Judge Patrick Naugle now has fleas. Thanks, Universal.
The legendary beast is on the hunt!
In a 19th century village, a ravenous creature has come to wreck havoc on the locals. This beast is not just ANY monster, but a man-eating werewolf; one of the most vicious creatures ever to walk the earth. A group of bounty hunters (including Ed Quinn, Eureka) show up to rid the town of the beast with their unmatched skills. Young Daniel (Guy Wilson, Little Black Book), a physician's assistant, offers up his services to help track the werewolf, much to the chagrin of his worried mother (pop star Nia Peeples), and his boss, the local doctor (Stephen Rea, Feardotcom). As the hunters make their way around the forest, they discover not everyone is who they say they are…and everyone is potential meat for the Werewolf: The Beast Among Us.
I was one of apparently five people who enjoyed Universal's 2010 remake The Wolfman (starring Benicio Del Toro as the titular monster), directed with a sure hand by Joe Johnston (Captain America: The First Avenger). Although it didn't come close to the 1941 Lon Chaney original, the film had its rough and scratchy charms; eons better than clunkers like Bram Stoker's Dracula and Mary Shelley's Frankenstein. Unfortunately, The Wolfman was not the mega hit Universal was hoping for, even with an Oscar for Rick Baker's fantastic make-up effects. However, it apparently was successful enough for Universal green light a sequel…of sorts. Werewolf: The Beast Among Us is something of a follow up, but if Johnston's film was a classy update of the legend, this is its developmentally challenged third cousin sitting in the corner eating paste.
Director Louis Morneau's filmography reads like a who's who of shoddy low budget sequels to shoddy low budget films—The Hitcher II: I've Been Waiting, Joy Ride 2: Dead Ahead, Carnosaur 2 (because one Carnosaur is never enough!)—all of which went direct-to-DVD. His only theatrical release was the 1999 Lou Diamond Phillips' cheapie Bats. Uh-huh. You can see what we're working with here. Werewolf: The Beast Among Us is a run-of-the-mill thriller without an original bone in its body. Some production exec must've seen its potential as a cash cow, feeding off the rapid consumer tendencies of loyal genre fanatics.

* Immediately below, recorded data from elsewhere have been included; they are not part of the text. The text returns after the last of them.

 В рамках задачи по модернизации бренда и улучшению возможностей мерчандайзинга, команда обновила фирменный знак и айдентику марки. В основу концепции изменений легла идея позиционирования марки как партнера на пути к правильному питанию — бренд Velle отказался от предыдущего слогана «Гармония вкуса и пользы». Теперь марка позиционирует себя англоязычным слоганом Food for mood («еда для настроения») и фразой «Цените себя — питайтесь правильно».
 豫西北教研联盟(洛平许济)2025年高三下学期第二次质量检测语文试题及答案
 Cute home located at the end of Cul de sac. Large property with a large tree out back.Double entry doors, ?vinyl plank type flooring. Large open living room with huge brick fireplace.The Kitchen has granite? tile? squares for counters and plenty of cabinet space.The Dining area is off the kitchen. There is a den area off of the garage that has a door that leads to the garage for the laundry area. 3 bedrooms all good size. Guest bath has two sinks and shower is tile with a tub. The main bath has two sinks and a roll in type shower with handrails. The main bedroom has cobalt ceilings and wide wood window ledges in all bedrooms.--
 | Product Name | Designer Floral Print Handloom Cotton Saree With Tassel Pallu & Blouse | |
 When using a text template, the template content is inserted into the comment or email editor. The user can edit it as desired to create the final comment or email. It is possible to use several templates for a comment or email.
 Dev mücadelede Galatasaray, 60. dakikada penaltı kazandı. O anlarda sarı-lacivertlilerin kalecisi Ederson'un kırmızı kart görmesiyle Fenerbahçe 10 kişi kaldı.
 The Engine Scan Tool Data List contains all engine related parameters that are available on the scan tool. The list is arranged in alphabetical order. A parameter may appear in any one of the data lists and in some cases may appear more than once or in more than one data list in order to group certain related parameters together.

Just looking at the cover art makes one hope for an action-packed adventure with plenty of werewolf attacks and exploding heads. Oh, there's action alright, but it's so poorly staged you can hardly recognize it as such; it's more like moderately choreographed movement. For gore hounds, there's a fair amount of grizzle: impalings, beheadings, a disemboweling, a chest ripping. The most compelling practical effect finds one of the hunters sporting a pair of silver fake teeth and turning the table on the werewolf. Unfortunately, the CGI feels rushed and chintzy, as if culled from test scenes for Van Helsing.
To make matters worse, there are no compelling characters and the performances border on amateurish. Guy Wilson as Daniel is overwrought, one time pop star Nia Peeples stands around looking sad, and the only A-lister—a very stoic and morose looking Stephen Rea—must have taken the role to pay off his summer home in the Ozarks.

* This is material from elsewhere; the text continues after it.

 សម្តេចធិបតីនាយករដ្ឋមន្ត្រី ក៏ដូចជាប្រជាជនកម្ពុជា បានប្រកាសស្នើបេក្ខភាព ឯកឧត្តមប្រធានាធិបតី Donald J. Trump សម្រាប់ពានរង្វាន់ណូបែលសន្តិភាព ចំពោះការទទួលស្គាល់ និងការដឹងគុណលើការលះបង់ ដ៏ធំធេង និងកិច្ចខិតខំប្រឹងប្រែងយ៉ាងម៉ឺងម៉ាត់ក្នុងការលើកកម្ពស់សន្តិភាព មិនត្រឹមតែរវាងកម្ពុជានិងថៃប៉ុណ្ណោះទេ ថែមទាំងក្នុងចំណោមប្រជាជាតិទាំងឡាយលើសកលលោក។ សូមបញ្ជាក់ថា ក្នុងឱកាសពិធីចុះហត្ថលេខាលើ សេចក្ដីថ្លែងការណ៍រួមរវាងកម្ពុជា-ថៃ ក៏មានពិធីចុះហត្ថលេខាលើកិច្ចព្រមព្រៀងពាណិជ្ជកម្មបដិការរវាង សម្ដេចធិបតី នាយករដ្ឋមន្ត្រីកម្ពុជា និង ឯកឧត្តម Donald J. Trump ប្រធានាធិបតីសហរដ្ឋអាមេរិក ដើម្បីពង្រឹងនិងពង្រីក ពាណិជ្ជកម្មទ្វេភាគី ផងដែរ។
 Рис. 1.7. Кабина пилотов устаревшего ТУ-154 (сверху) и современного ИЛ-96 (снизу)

I can't say I'm entirely disappointed with Werewolf: The Beast Among Us, because I knew going in it wasn't going to be great. I was simply hoping for some so-bad-it's-good entertainment. Sadly, Morneau and his writing partner Michael Tabb couldn't even manage that.

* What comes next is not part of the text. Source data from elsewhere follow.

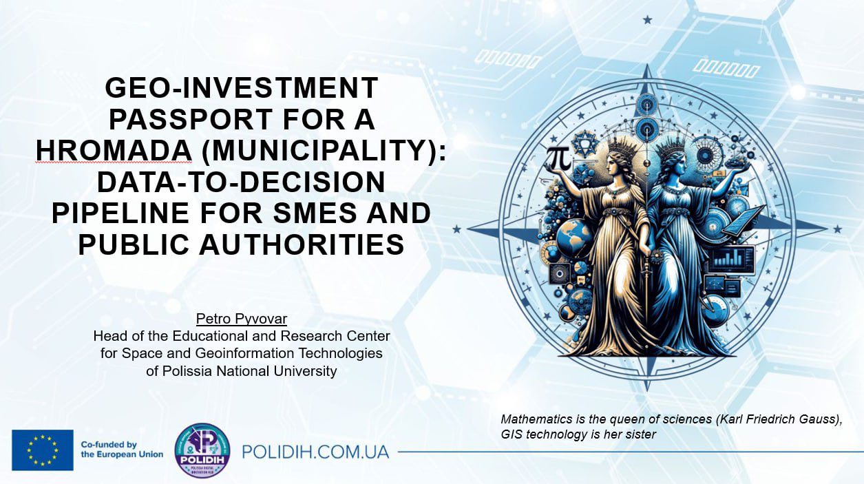 Під час сесії Петро презентував практичний кейс POLIDIH: Geo-investment passport for a hromada (municipality): data-to-decision pipeline for SMEs and public authorities.
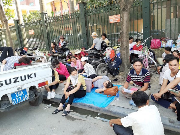 Người dân ngồi la liệt vỉa hè trước cửa trụ sở Trung ương ở Hà Nội.
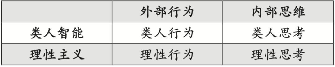 罗素和诺维格指出,有些人根据对人类行为的复刻来定义智能,而另一些人则更喜欢用理性(rationality)来抽象地定义智能(Russell and Norvig, 2021)。智能原本各不相同:一些人将智能视为内部思维过程和推理;而另一些人则关注智能的外部特征,即智能行为。事实上,既有的探讨实际覆盖了4种可能的组合(如表1)(Russell and Norvig, 2021)。
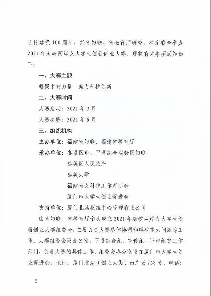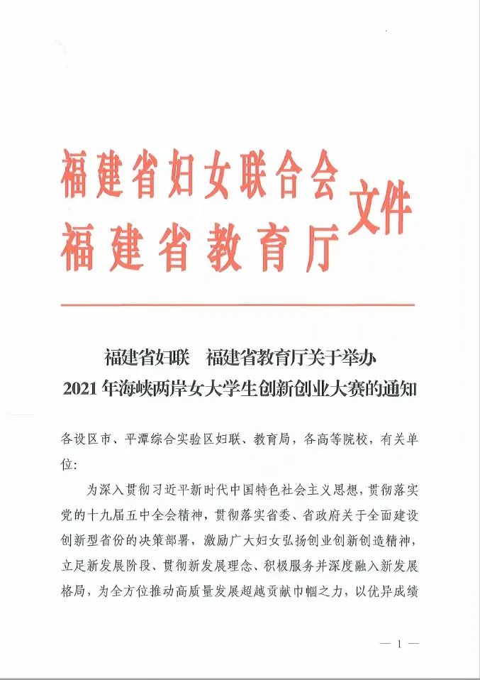 2021年海峡两岸女大学生创新创业大赛通知
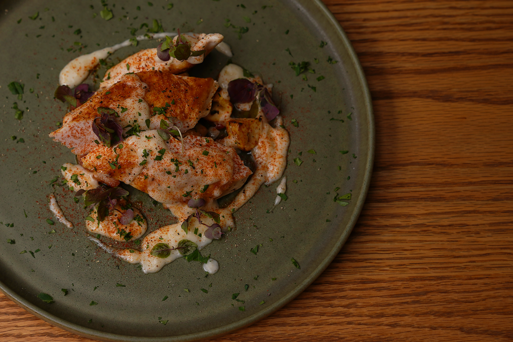 닭가슴살을 건진 뒤, 닭을 구운 팬에 다시 불을 올리고, 후추와 생크림을 넣어
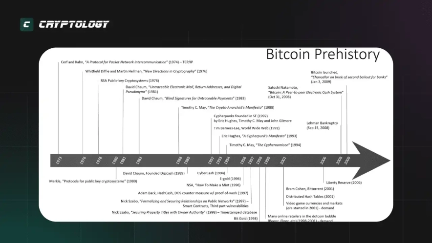 Долгое время концепция децентрализации обсуждалась небольшим кругом криптографов. В академических кругах велась активная работа по созданию технологий, способных воплотить ее в жизнь.
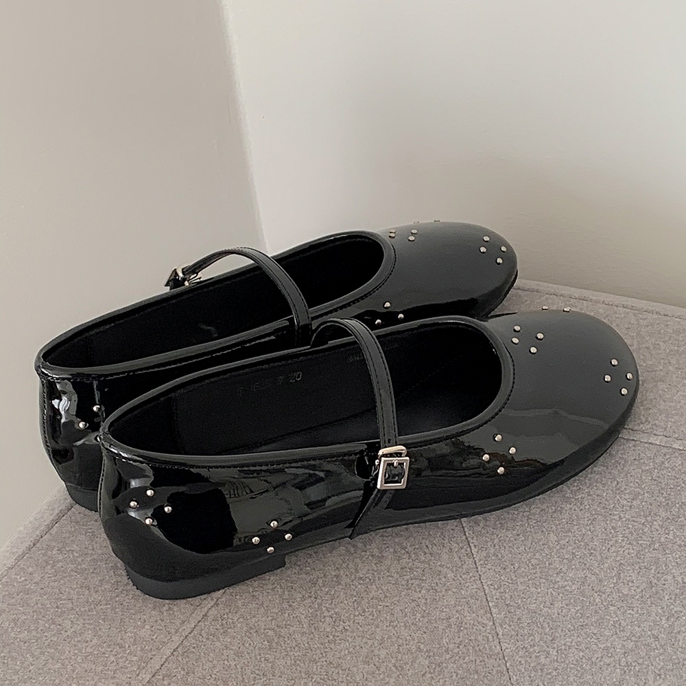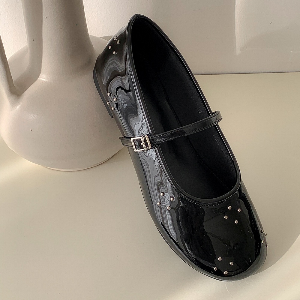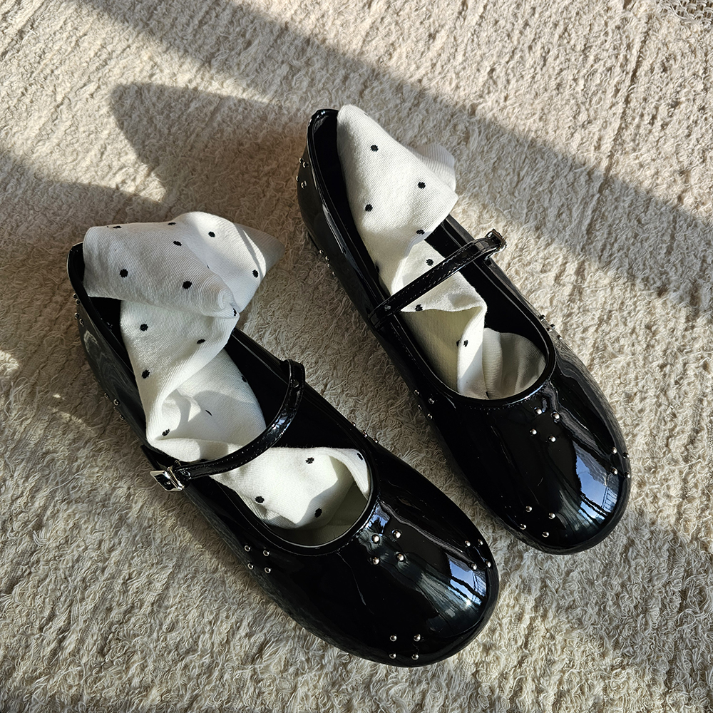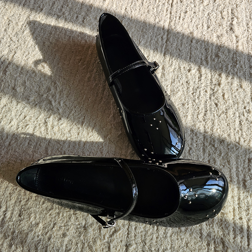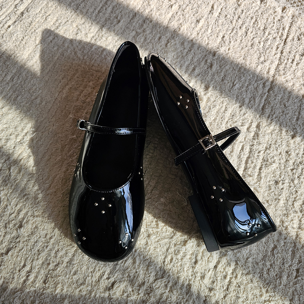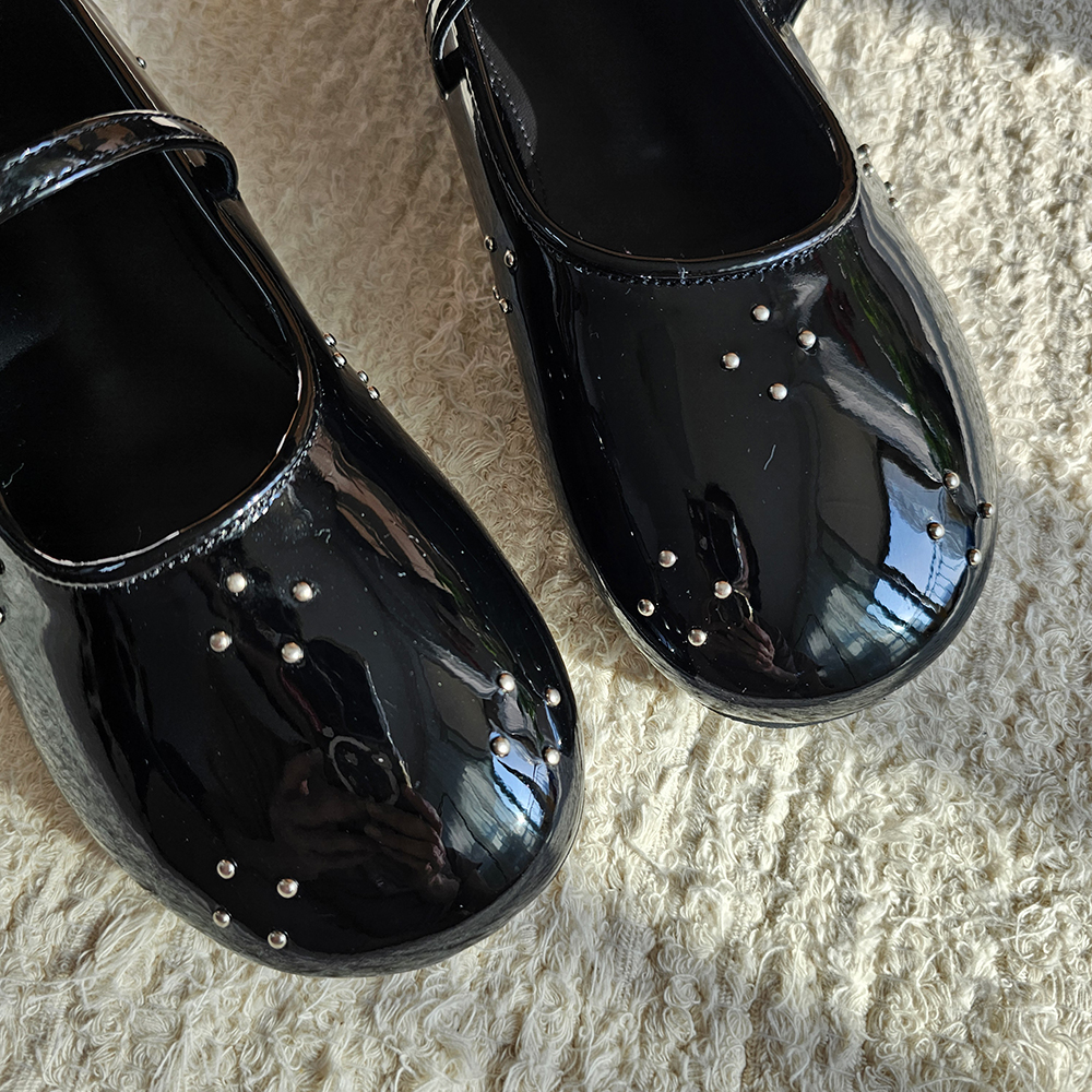 라운드토 에나멜 메리제인슈즈 징장식 샌들 데일리슈즈 플랫슈즈

Presented in 1.78:1/1080p high definition widescreen, the transfer is crystal clear. Colors are vibrant and black levels (much of the film takes place at night) are solid and well-rendered. The DTS-HD 5.1 Master Audio mix is excellent and aggressively bombastic. There are a lot of moments where all of the speakers are fully engaged, especially during the werewolf attacks. Dialogue, music, and effects are all distinguishable and clearly heard.
Bonus features include a commentary by Morneau and producer Mike Elliot, four minutes of deleted scenes, three behind-the-scenes featurettes ("Making the Monster," "Transformation: Man to Beast," and "Monster Legacy"), some BD-Live content, a standard def DVD Copy, a digital copy, and an UltraViolet download.
Werewolf: The Beast Among Us is a flat out boring and flaccid affair. Even at 93 minutes, the film feels long, careening viewers through its tale without pausing to offer any sort of character development. If I were Universal, I'd be ashamed to lend my name to a movie that sullies one of its finer franchises.
This thing needs to be neutered, then put out of its misery.